■ **What is expected**: From the top of the entries, reproduce each line exactly, stopping after the line that contains "2 Teppiche Maße". Omit pictures.

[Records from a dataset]
================
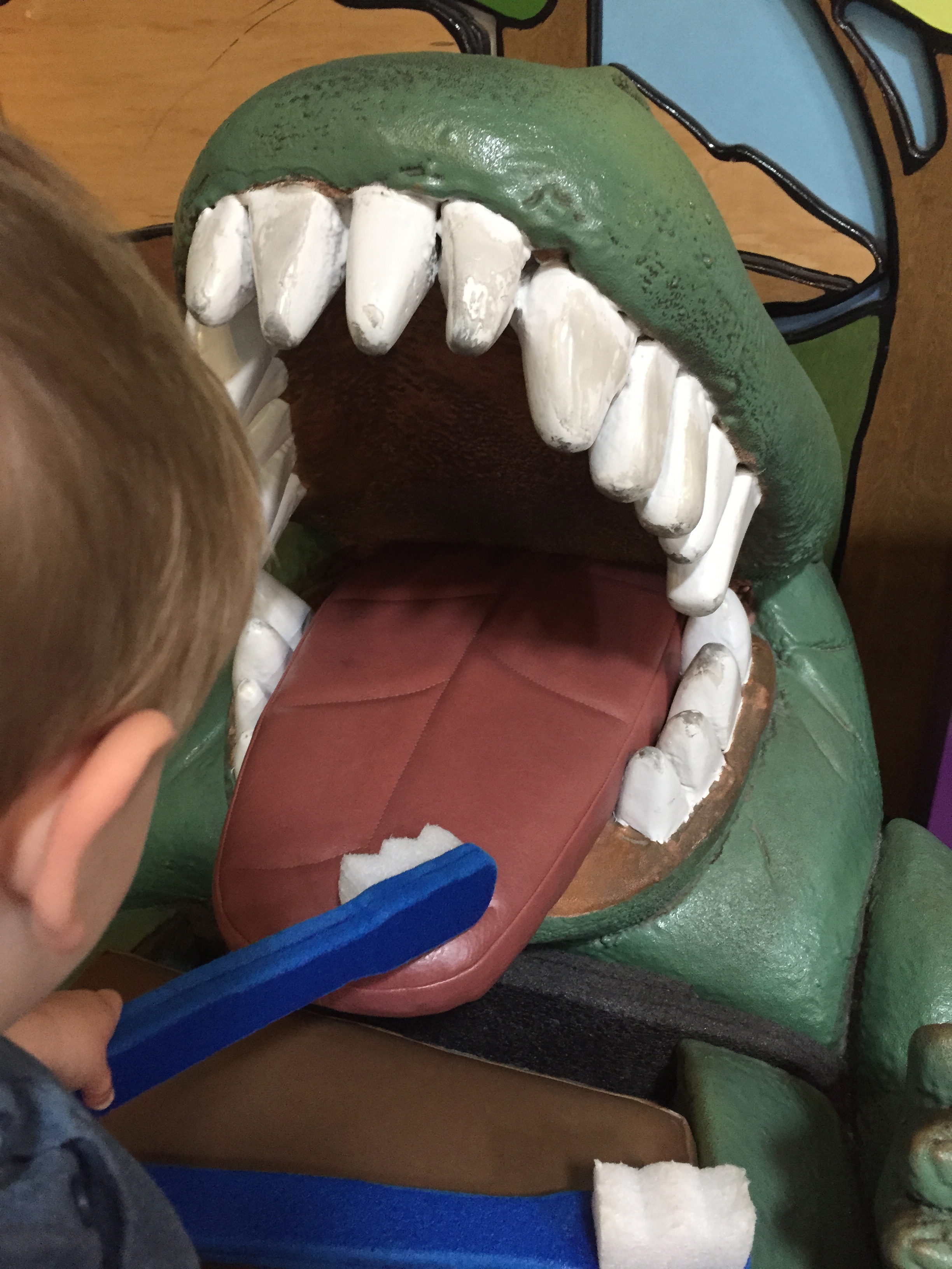 On May 17th, the day Ari turned 23 months old, he was finally brave enough to “brush the alligator’s teeth” at the Children’s Museum! I was at work that day. When I had taken him earlier in the month, the reason we went was that he had been saying, “brush alligator’s teeeth!!” over and over for days and especially all that morning, and he’d been practicing with his tiny stuffed alligator doll (with no teeth) at home. But every time we go there, he shrieks and clings to us when we so much as enter the room with this alligator dentist office set-up. When I took him, I grabbed a tooth brush and took it in another room and he still wouldn’t touch it. This has been going on for months! But while I was at work, A. took him and after multiple aborted attempts, was finally able to sit and hold Ari next to the alligator, and Ari actually held the toothbrush out while still clinging to A. I was so excited when I got the photo at work. 🙂
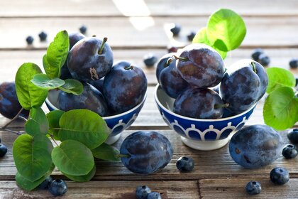 Masanın üzerindeki kaselerde olgun erikler
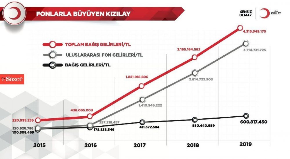 Bu bağışın kendi üzerinden yapılmasına vesile olan Kızılay, Sözcü gazetesine 'Kızılay 3 yılda 6.5 milyar lira dağıttı, paralar nereye gitti?' başlıklı haber nedeniyle gönderdiği açıklamasında, 5 yıllık dönemde 5 iş insanı ve 11 şirketten toplam 50 milyon 852 bin liralık 'özel şartlı bağış' aldığını duyurdu.
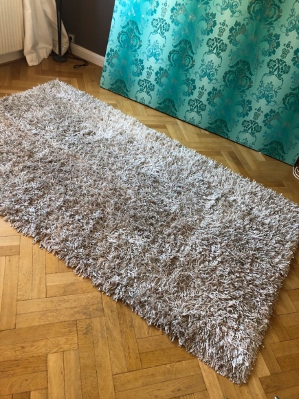 2 Teppiche Maße 70 x 2,50 Hochflor in beige. Geben ein tolles Bild ab. Sehen zusammengelegt aus, wie einer und sind somit flexibel einsetzbar.
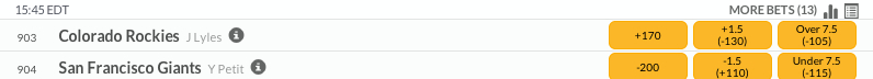 With two straight wins in this series, the Giants have pulled into the second NL Wild Card spot. They will look to take the series finale on Thursday, winning three of four from Colorado, as Yusmeiro Petit takes the mound for the Giants. Colorado will counter with Jordan Lyles. The Giants are still within striking distance of the Dodgers in the NL West as they sit just five games out of first in the standings. We like the host Giants to win this game and the series.
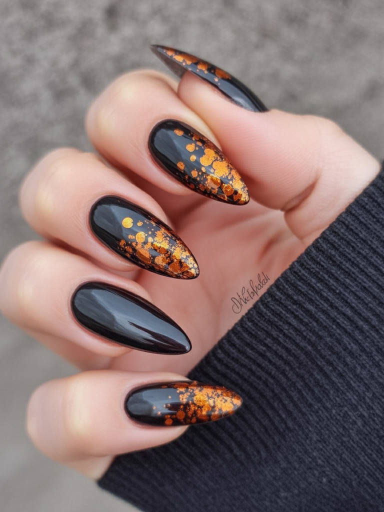 These nails are what happens when Halloween grows up. Black polish makes a shiny base and incredible copper and orange glitter bubbles bring some drama to it like autumn leaves in the moonlight. It’s edgy, glam, and just spooky enough.
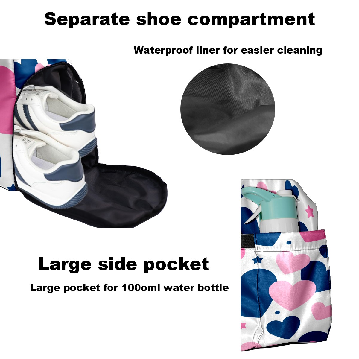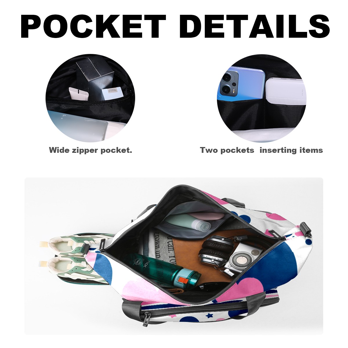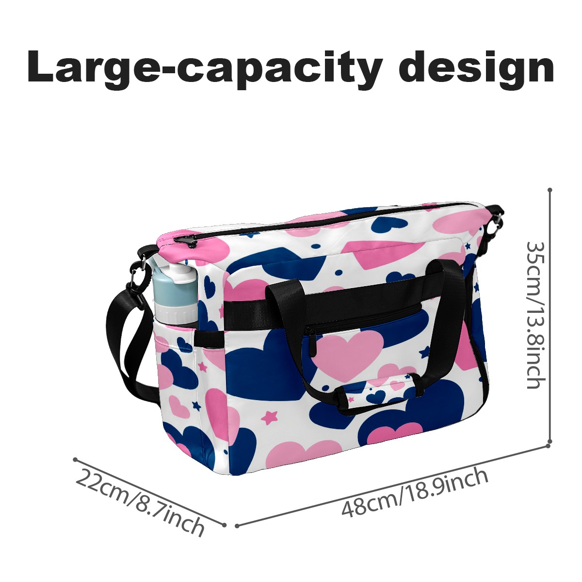 Pickleball Tote Bag Carryall for Paddles Balls and Accessories, Portable Lightweight Gear Bag for Players(Pink Blue Hearts)
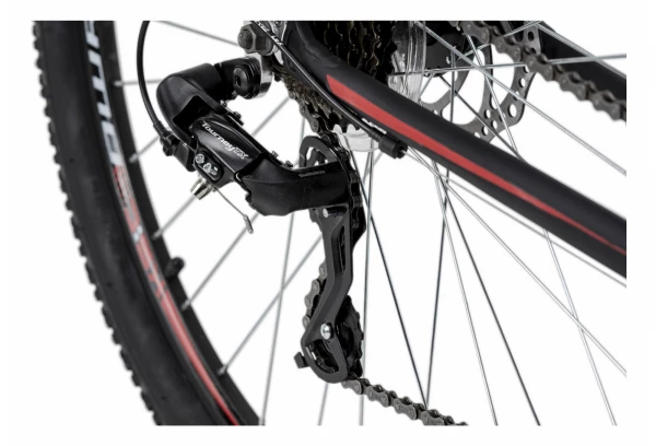 Aucune balade ne sera trop longue, aucune montagne ne sera trop haute: Le VTT semi-rigide XCEED de KS Cycling et son design rouge mate des plus cool vous convaincra également par ses équipements techniques complets!Ce VTT est équipé det#39,un dérailleur SHIMANO 21 vitesses. Le freinage est assuré par des freins à disques mécaniques à let#39,avant et à let#39,arrière. La selle ergonomique a un design parfaitement assorti au look du vélo.Outre le cadre, les jantes, le pedalier, la tige de selle, le guidon ou encore la potence sont en aluminium pour un VTT tout en légèreté.Cadre: semi-rigide aluminiumTaille de cadre: 46 cmCouleur: NoirFourche: suspendue avec tige Ahead 1 1/8etquot,Jeu de direction: AheadPotence: Potence Ahead en aluminiumGuidon: VTT en acierMoyeux: Moyeux avec support de freins à disqueJantes: aluminium double paroiPneus: A crampons 29etquot, x 2,10etquot, (54-559)Vitesses: Dérailleur 21 vitessesDérailleur AR: SHIMANO TourneyDérailleur AV: SHIMANO Tourney 3 vitessesLeviers de vitesses: SHIMANO ST-EF500Pignon: SHIMANO MF-TZ500 7 vitesses (28-14 dents)Pédalier: en aluminium SHIMANO Tourney FC-TY301 (Plateaux 42-34-24 dents)Roulement de pédalier: BSA à cartouchePédales: résine avec cage en acierSelle: Selle VTTTige de selle: aluminium etOslash, 27,2 mmFixation de selle: anneau de serrage à visFreins: À disque mécaniques (avec disque wave etOslash, 160 mm)Leviers de freins: SHIMANO ST-EF51Accessoires: SonnettePoids: environ 14,5 kgNos vélos sont prémontés à 85% (montage de certaines pièces, réglage freins, dérailleur..) et sont garantis deux ans, sauf pièces d’usure.
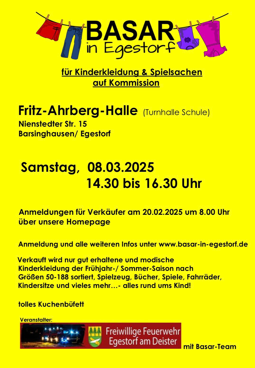 Basar in Egestorf Diesen März ist es wieder soweit, in der Fritz-Ahrberg-Halle findet wieder der beliebte Basar statt!
================
■ **Response area**:
 On May 17th, the day Ari turned 23 months old, he was finally brave enough to “brush the alligator’s teeth” at the Children’s Museum! I was at work that day. When I had taken him earlier in the month, the reason we went was that he had been saying, “brush alligator’s teeeth!!” over and over for days and especially all that morning, and he’d been practicing with his tiny stuffed alligator doll (with no teeth) at home. But every time we go there, he shrieks and clings to us when we so much as enter the room with this alligator dentist office set-up. When I took him, I grabbed a tooth brush and took it in another room and he still wouldn’t touch it. This has been going on for months! But while I was at work, A. took him and after multiple aborted attempts, was finally able to sit and hold Ari next to the alligator, and Ari actually held the toothbrush out while still clinging to A. I was so excited when I got the photo at work. 🙂
 Masanın üzerindeki kaselerde olgun erikler
 Bu bağışın kendi üzerinden yapılmasına vesile olan Kızılay, Sözcü gazetesine 'Kızılay 3 yılda 6.5 milyar lira dağıttı, paralar nereye gitti?' başlıklı haber nedeniyle gönderdiği açıklamasında, 5 yıllık dönemde 5 iş insanı ve 11 şirketten toplam 50 milyon 852 bin liralık 'özel şartlı bağış' aldığını duyurdu.
 2 Teppiche Maße 70 x 2,50 Hochflor in beige. Geben ein tolles Bild ab. Sehen zusammengelegt aus, wie einer und sind somit flexibel einsetzbar.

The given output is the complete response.